Foreign Account Reporting (FBAR) Extension to June 30 2010 Is Limited
September 23 2009 Reporting Deadline Still Applies to Many Filers
The IRS continues to extend filing deadlines for certain reports of Foreign Bank and Financial Accounts (FBAR). But the IRS has not extended its September 23 deadline for participation in its voluntary compliance initiative for reporting offshore income and the related accounts.
Any U.S. person with a financial interest or signature authority over one or more financial accounts in a foreign country must file Form TD F 90-22.1 (FBAR) if the aggregate value of the accounts exceeds $10,000 at any point during the calendar year. The annual filing deadline is June 30.
On June 5, the IRS temporarily suspended the filing requirement for 2008 FBARs for those persons who are not U.S. citizens, residents, or domestic entities. And on June 24, just before the June 30 deadline for filing 2008 FBARs, the IRS extended until September 23 the deadline for filing FBARs for certain persons who only recently learned of their obligation to file an FBAR.
Now the IRS has extended until June 30, 2010 the filing deadline for FBARs for 2008 and earlier calendar years for two categories of potential filers. They include (1) persons with signature authority over, but no financial interest in, a foreign financial account, and (2) persons with a financial interest in, or signature authority over, a “foreign commingled fund.” A foreign commingled fund might include, for example, an interest in a foreign corporation or partnership such as a hedge fund.
Although the extensions are helpful, it is important for each potential filer to determine how the reporting requirement will apply to a particular situation and whether an extension is now available, particularly given the September 23 deadline for disclosing foreign accounts with previously unreported income.
To encourage compliance with offshore financial accounts and foreign income reporting, the IRS announced a voluntary disclosure offer that ends September 23, 2009. A U.S. person who meets the terms of the voluntary disclosure offer must pay applicable back taxes and interest on unreported income for a 6 year look-back period and must pay either a 20 percent accuracy or a 25 percent delinquency penalty. Also, a penalty of 20 percent of the highest total annual value in the unreported account in the six-year period is imposed. That penalty is reduced to 5 percent in limited circumstances. Failure to participate in the voluntary disclosure program could potentially result in more significant monetary penalties and in criminal prosecution.

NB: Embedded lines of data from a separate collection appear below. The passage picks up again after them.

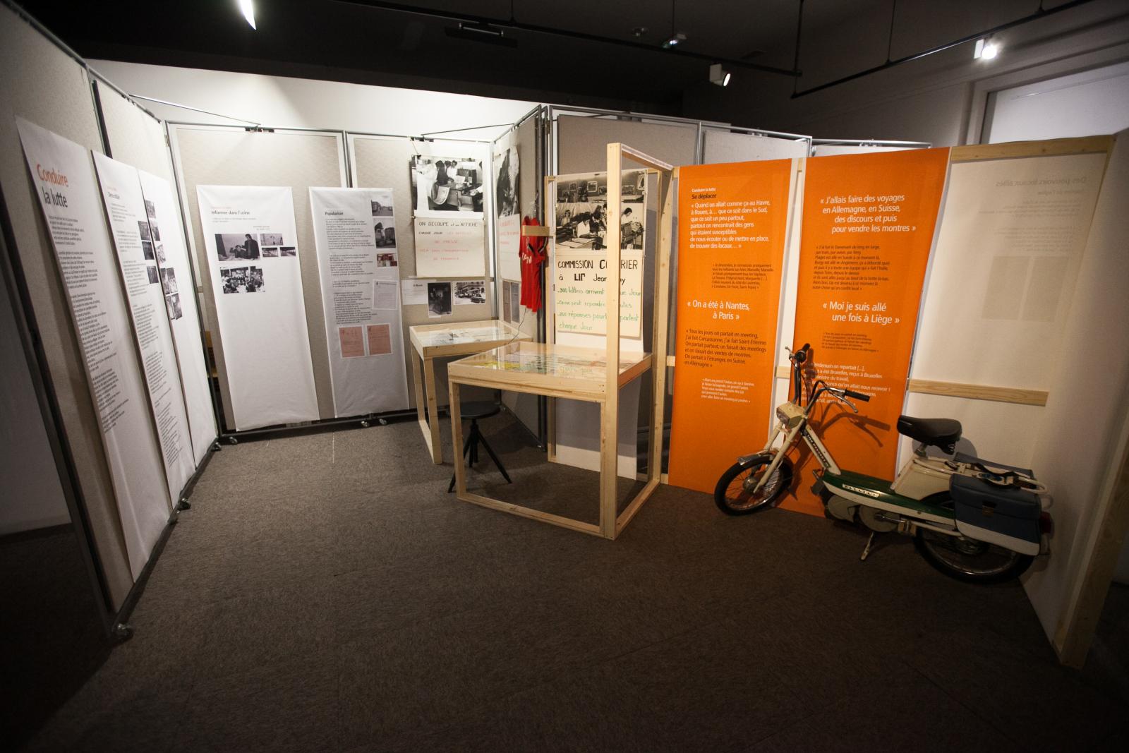 Ce sont les mots et thèmes récurrents dans leurs témoignages qui structurent l’exposition. On retrouve par exemple la notion d’ « espace » : celui de l’usine occupée, devenu lieu de lutte et lieu de vie, puis, après l’évacuation par les CRS, l’installation dans d’autres sites qui inversera le rapport de forces. « Les déplacements », utilisés pour populariser la lutte sont figurés dans la scénographie par une voiture et une mobylette. L’action de « prendre » les montres et celle de « se payer », plus encore que la fabrication ou la vente, revêtent une importance symbolique dans le discours des anciens, tout comme « le collectif » ou la solidarité dont ils parlent encore aujourd’hui avec émotion.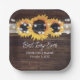 Rustikale Teller mit Blumenmuster, die sich perfekt für eine Hochzeitsfeier mit rustikalem Thema eignen, die von Sonnenblumen inspiriert wird. Einfach zu personalisieren Vorlage.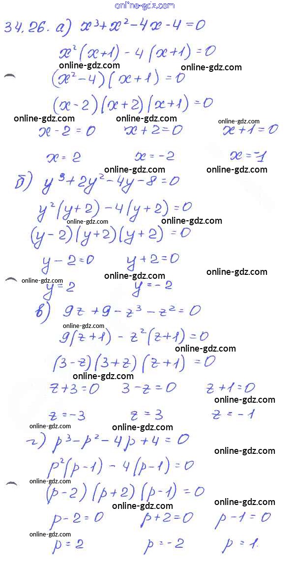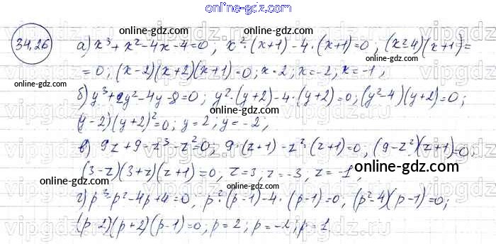 Готовые домашние задания по Алгебре за 7 класс Задачник Мордкович, Александрова Базовый уровень 2013 - § 34. Разложение многочленов на множители с помощью комбинаций различных приемов Глава 7 26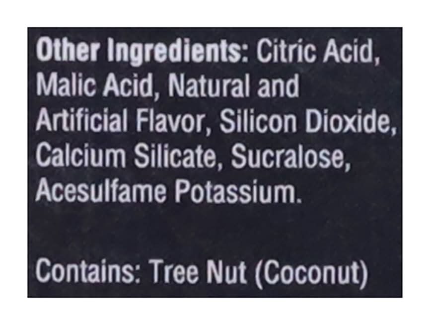Ingredients: Other Ingredients: Citric Acid, Malic Acid, Natural and Artificial Flavor, Silicon Dioxide, Calcium Silicate, Sucralose, Acesulfame Potassium Contains: Tree Nuts, Coconuts, Eggs, Wheat, Fish, Crustacean Shellfish, Molluscan Shellfish, Peanuts, Tree Nuts, Soybeans, Milk, Sesame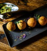 | Ломтики запеченной свеклы с пармской ветчиной, базиликовым песто и карамелизованным грецким орехом | от 7 руб. |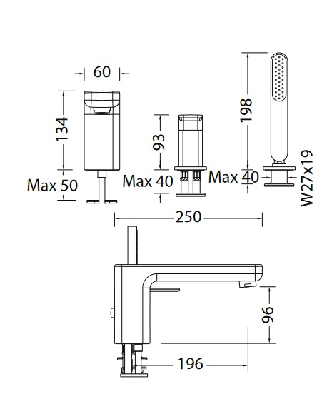 Смеситель на борт ванны Eurorama Tono с ручным душем хром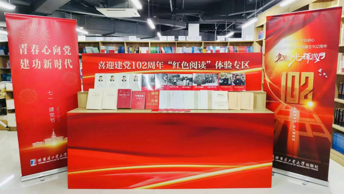 “七一”建黨節來臨之際,哈爾濱工業大學(xué)出版社校園書店爲慶祝中國(guó)共産黨成(chéng)立102周年,以“青春心向(xiàng)黨 建功新時(shí)代”爲主題開(kāi)展紅色主題出版物展銷活動。

The IRS will forgo other potentially applicable penalties – for example, for civil fraud (75 percent of unpaid tax), for failure to file various information returns, and for willful failure to file the FBAR (the greater of $100,000 and 50 percent of the foreign account balance), all of which apply annually. Moreover, those who come forward during the six-month voluntary disclosure window mitigate their risk of criminal prosecution. The IRS has now issued guidance on the requirements for the voluntary compliance initiative in two sets of question and answers. Also, the IRS recently encouraged use of its “optional” form of disclosure letter.
The requirements for FBAR reporting and voluntary disclosure continue to evolve and change, requiring careful attention to new developments.